Curiously, the main thing that the liberal media used to applaud about the ANC in Gauteng is now the very thing that is being used to attack it. A few years ago, the ANC in Gauteng was characterised as "radical" and "bold" for openly criticising former President Jacob Zuma. Gauteng was the first province to demand that Zuma "do the right thing" following the Nkandla controversy. In addition to this, towards the 53rd National Conference of the ANC, the Gauteng Provincial Executive Committee (PEC) of the ANC had endorsed Kgalema Motlanthe for president - against Zuma. The latter would emerge victorious. This cemented the narrative of a "bold" Gauteng ANC that could stand firmly on principle even if it stood alone. The liberal media celebrated when the ANC in Gauteng challenged the national leadership on Zuma and many other issues.
Today, when the provincial leadership of the ANC in Gauteng challenges the idea that a government of unity across tiers of government must include the DA, the same liberal media turns around and calls the ANC in Gauteng rogue and ill-disciplined. What in the past was celebrated as its ability to swim against the tide is now demonised – and all this because it is the DA, not Zuma, on the receiving end of ANC Gauteng’s "boldness". We are now subjected to think-pieces insinuating that Lesufi is an incorrigible populist, a rogue element and inept.
There is a danger in allowing the liberal media to decide who is a hero and who, a villain. This is especially true when it comes to Black leaders. Our media has demonstrated many times that its "principles" when it comes to Black leaders are extremely malleable. It was prepared to provide the platform for a calculated attack on Mosai, a brilliant Black water scientist who is leading one of the best-governed entities of government. But now, despite his clear vindication, it is unwilling to set the record straight. It was comfortable with the ANC Gauteng leadership defying the national leadership on Zuma. But now, it is uncomfortable when that same provincial leadership opts for a different stance from the national leadership on the question of governing with the DA – a party that has been characterised as a bully by almost all parties it has been in coalitions with, and whose arrogance has continued in the GNU.
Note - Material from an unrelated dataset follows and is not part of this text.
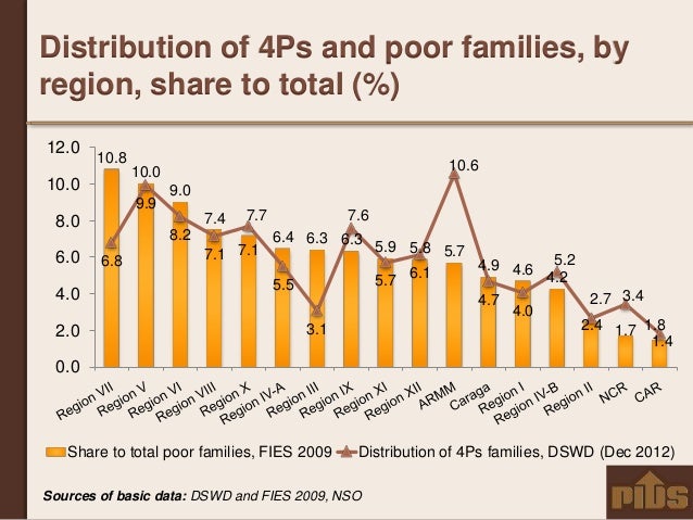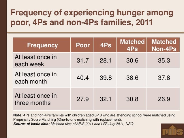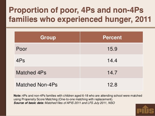 38. 38. Proportion of poor, 4Ps and non-4Ps families who experienced hunger, 2011 Group Percent Poor 15.9 4Ps 14.4 Matched 4Ps 14.7 Matched Non-4Ps 12.8 Note: 4Ps and non-4Ps families with children aged 6-18 who are attending school were matched using Propensity Score Matching (One-to-one matching with replacement). Source of basic data: Matched files of APIS 2011 and LFS July 2011, NSO

I cannot help but remember the profound words of Malcolm X, who said: "If you’re not careful, the newspapers will have you hating the people who are being oppressed and loving the people who are doing the oppressing". How very apt.
Malaika Mahlatsi is a geographer and researcher at the Institute for Pan African Thought and Conversation. She is a PhD in Geography candidate at the University of Bayreuth in Germany.